Figure 3: N=3 per group(Data are presented as means ± standard error of mean (SEM) from three independent repetitions.)
Figure 4: n=3 per group(Data are presented as means ± standard error of mean (SEM) from independent repetitions.)
Figure 5: n=3 per group(Data are presented as means ± standard error of mean (SEM) from independent repetitions.)
Is there any difference between N and n? Why is "three" missing in the description of n?
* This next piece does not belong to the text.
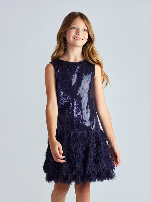 Платье в ретро стиле без рукавов с акцентом на заниженной линии талии. Лиф усыпан блёстками. Юбка изготовлена из ткани с длинным ворсом и имеет хлопковую подкладку для максимального комфорта. Застежка на скрытой молнии, расположенная на спинке. Такое платье станет верным спутником на любом торжественном мероприятии или вечернем выходе. Оно позволяет создавать образы с ноткой винтажной роскоши.

Clarification must be provided to enable the readers properly evaluate the outcome of the study.
To finalize the acceptance of your manuscript, please address the issues stated below:
1. If it is not originally drawn, provide citation for the source of the structure of Theacrine in Figure 1.
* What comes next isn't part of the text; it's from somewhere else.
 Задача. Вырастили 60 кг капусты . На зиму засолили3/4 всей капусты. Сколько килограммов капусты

2. Provide clarification for the definition of N= 3 in Figures 3, 4 and 5.
3. Provide in the supplementary information ALL replicate full gels from which cropped gel shown in Figure 4 was obtained.
We look forward to your next submission.
The basic reporting was improved, although I think that it is sad, that the authors claim that no clinical data on inflammasomes and AKI have been published.
no further comments
no further comments
none
The manuscript was improved and I recommend accept in the current form.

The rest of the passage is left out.